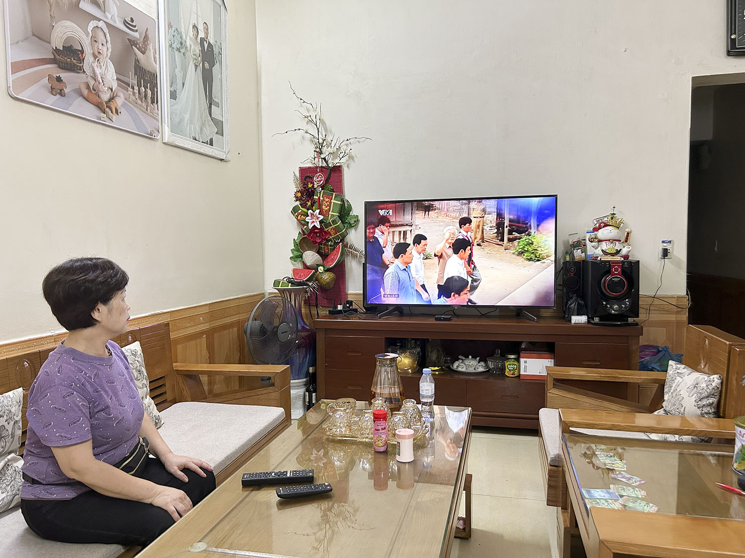 Chị Đặng Hoa trú tại tổ 1, khu 3, phường Thanh Sơn theo dõi Lễ tang Tổng Bí Thư trên VTV1.
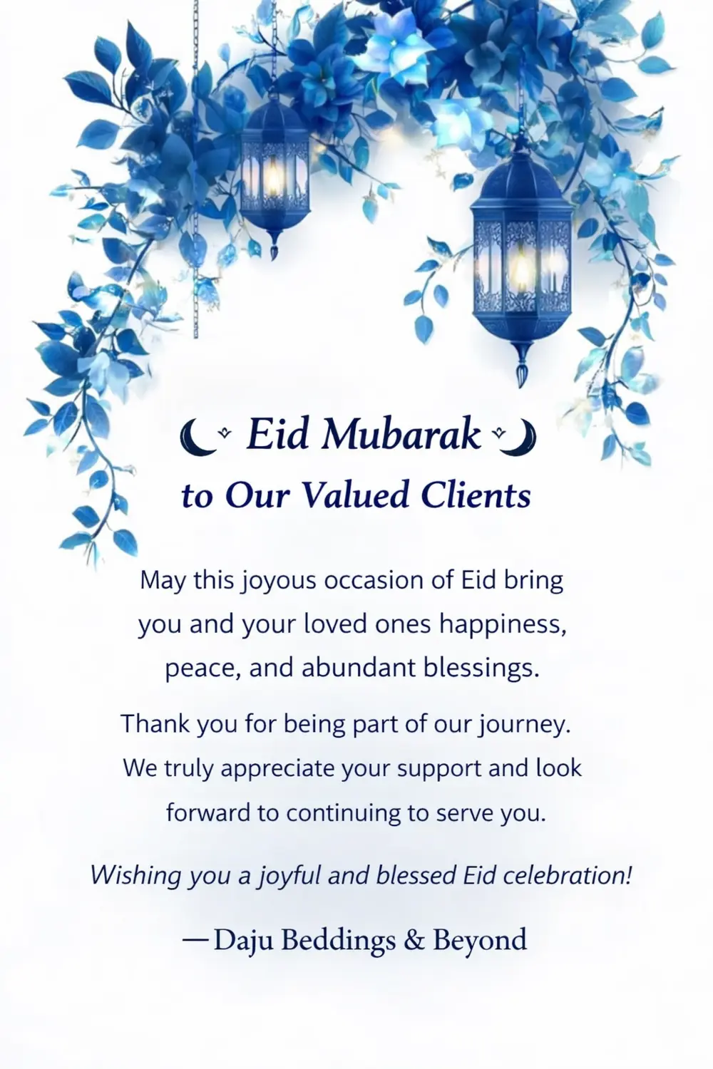 Eid al-Fitr Celebrations at Daju Beddings & Beyond Daju Beddings & Beyond proudly joins our Muslim clients and the wider community in celebrating the joyous occasion of Eid al-Fitr, marking the end of the holy month of Ramadan. |
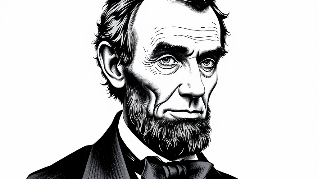 Ultra-realistic depiction, ink illustration, Abraham Lincoln headshot isolated against a plain white backdrop with subtle artistic variations capturing his essence.
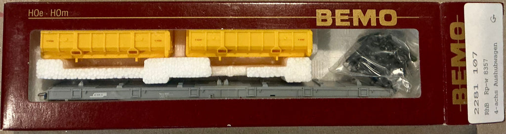 BEMO H0e 9mm 2281-107 RhB Rp-w 8357 4 - aches Aushubwagen - RhB Railway Narrow gauge (new PRE-OWNED) HOe 9mm
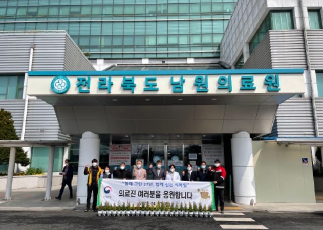 이번 행사에는 남원시 코로나19 선별진료소 및 의료기관 의료진 600여명을 대상으로 실내에서 손쉽게 키울 수 있고 공기정화 효과가 탁월한 공기정화식물(나무)을 전달하였다.
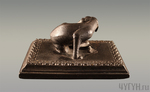 Изображено пресс-папье в виде чешущегося пса на подставке. Подставка окантована небольшим узором. Данная скульптура примечательна тем, что является одним из самых ранних изделий чугунного литья в России.
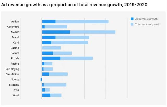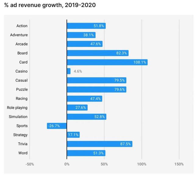 在2020年,动作游戏凭借51.9%的广告收入增长令人瞩目,卡牌游戏的广告收入增长率达到了108.1%,比2019年的表现更为强势。
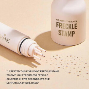 selo de 5 pontos imita uma aparência pulverulenta e bronzeada para um charme autêntico e despreocupado. INTENSIDADE PERSONALIZÁVEL. Sardas ou camadas para formar lugares ousados e divertidos que combinam com seu ambiente. USO DURADOURO A fórmula antimanchas permanece
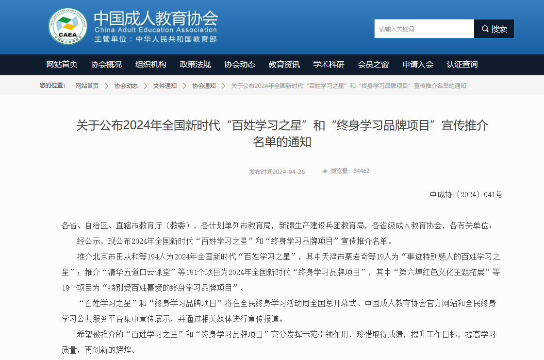 喜报!我校老年大学《“三贴近 三体现 三提升”老年教育项目》入选2024年全国新时代“终身学习品牌项目”-久久久一区二区三区|亚洲精品一区二区三区不|久久av网|精品国产一区二区三区久久久久久|午夜精品av|久久久久久久久久久久久久av|日韩亚洲欧美综合继续教育学院(国家职业技能鉴定站)
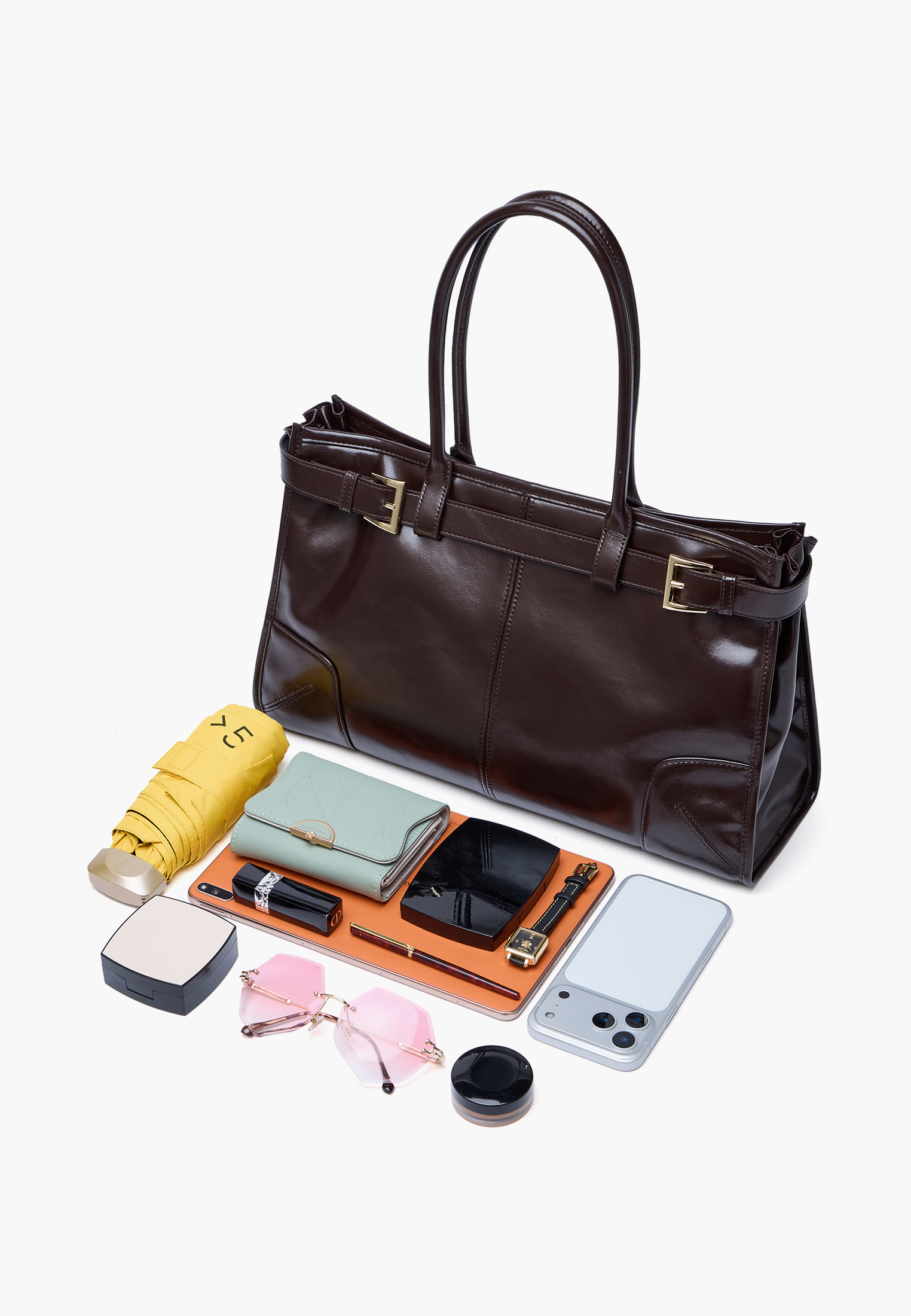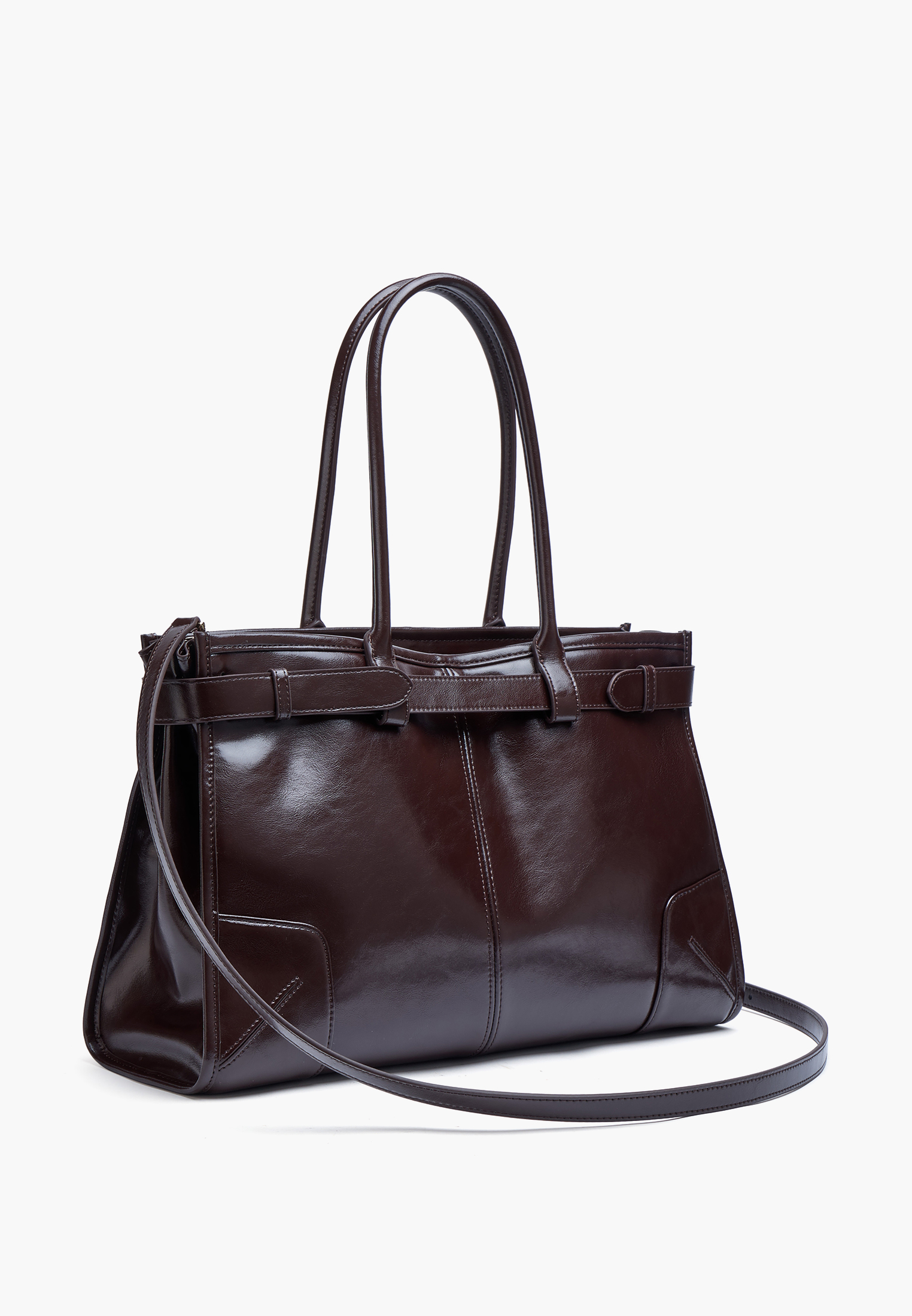 - Коричневая женская сумка-тоут из натуральной кожи станет универсальным и функциональным дополнением повседневного образа. Глубокий коричневый оттенок выглядит благородно и легко сочетается с базовым гардеробом, добавляя образу элегантности. Вместительное основное отделение застегивается на молнию, помогая надежно хранить личные вещи. Внутри расположен карман на молнии для мелочей, светло-золотистая фурнитура аккуратно дополняет дизайн, а декоративный ремешок на шлевках с двумя пряжками служит стильной деталью. Удобные ручки подходят для ношения в руках, а съемный регулируемый ремень длиной 120 см позволяет комфортно носить сумку на плече. Размеры 24×42×11,5 см (высота с ручками 44 см) обеспечивают хорошую вместительность - модель подходит для документов формата А4. Вес 750 г делает сумку легкой и удобной для ежедневного использования. Модель также доступна в молочном цвете.

____

Leave nothing out but the pictures when transcribing the records.

 Chị Đặng Hoa trú tại tổ 1, khu 3, phường Thanh Sơn theo dõi Lễ tang Tổng Bí Thư trên VTV1.
 Eid al-Fitr Celebrations at Daju Beddings & Beyond Daju Beddings & Beyond proudly joins our Muslim clients and the wider community in celebrating the joyous occasion of Eid al-Fitr, marking the end of the holy month of Ramadan. |
 Ultra-realistic depiction, ink illustration, Abraham Lincoln headshot isolated against a plain white backdrop with subtle artistic variations capturing his essence.
 BEMO H0e 9mm 2281-107 RhB Rp-w 8357 4 - aches Aushubwagen - RhB Railway Narrow gauge (new PRE-OWNED) HOe 9mm
 이번 행사에는 남원시 코로나19 선별진료소 및 의료기관 의료진 600여명을 대상으로 실내에서 손쉽게 키울 수 있고 공기정화 효과가 탁월한 공기정화식물(나무)을 전달하였다.
 Изображено пресс-папье в виде чешущегося пса на подставке. Подставка окантована небольшим узором. Данная скульптура примечательна тем, что является одним из самых ранних изделий чугунного литья в России.
 在2020年,动作游戏凭借51.9%的广告收入增长令人瞩目,卡牌游戏的广告收入增长率达到了108.1%,比2019年的表现更为强势。
 selo de 5 pontos imita uma aparência pulverulenta e bronzeada para um charme autêntico e despreocupado. INTENSIDADE PERSONALIZÁVEL. Sardas ou camadas para formar lugares ousados e divertidos que combinam com seu ambiente. USO DURADOURO A fórmula antimanchas permanece
 喜报!我校老年大学《“三贴近 三体现 三提升”老年教育项目》入选2024年全国新时代“终身学习品牌项目”-久久久一区二区三区|亚洲精品一区二区三区不|久久av网|精品国产一区二区三区久久久久久|午夜精品av|久久久久久久久久久久久久av|日韩亚洲欧美综合继续教育学院(国家职业技能鉴定站)
 - Коричневая женская сумка-тоут из натуральной кожи станет универсальным и функциональным дополнением повседневного образа. Глубокий коричневый оттенок выглядит благородно и легко сочетается с базовым гардеробом, добавляя образу элегантности. Вместительное основное отделение застегивается на молнию, помогая надежно хранить личные вещи. Внутри расположен карман на молнии для мелочей, светло-золотистая фурнитура аккуратно дополняет дизайн, а декоративный ремешок на шлевках с двумя пряжками служит стильной деталью. Удобные ручки подходят для ношения в руках, а съемный регулируемый ремень длиной 120 см позволяет комфортно носить сумку на плече. Размеры 24×42×11,5 см (высота с ручками 44 см) обеспечивают хорошую вместительность - модель подходит для документов формата А4. Вес 750 г делает сумку легкой и удобной для ежедневного использования. Модель также доступна в молочном цвете.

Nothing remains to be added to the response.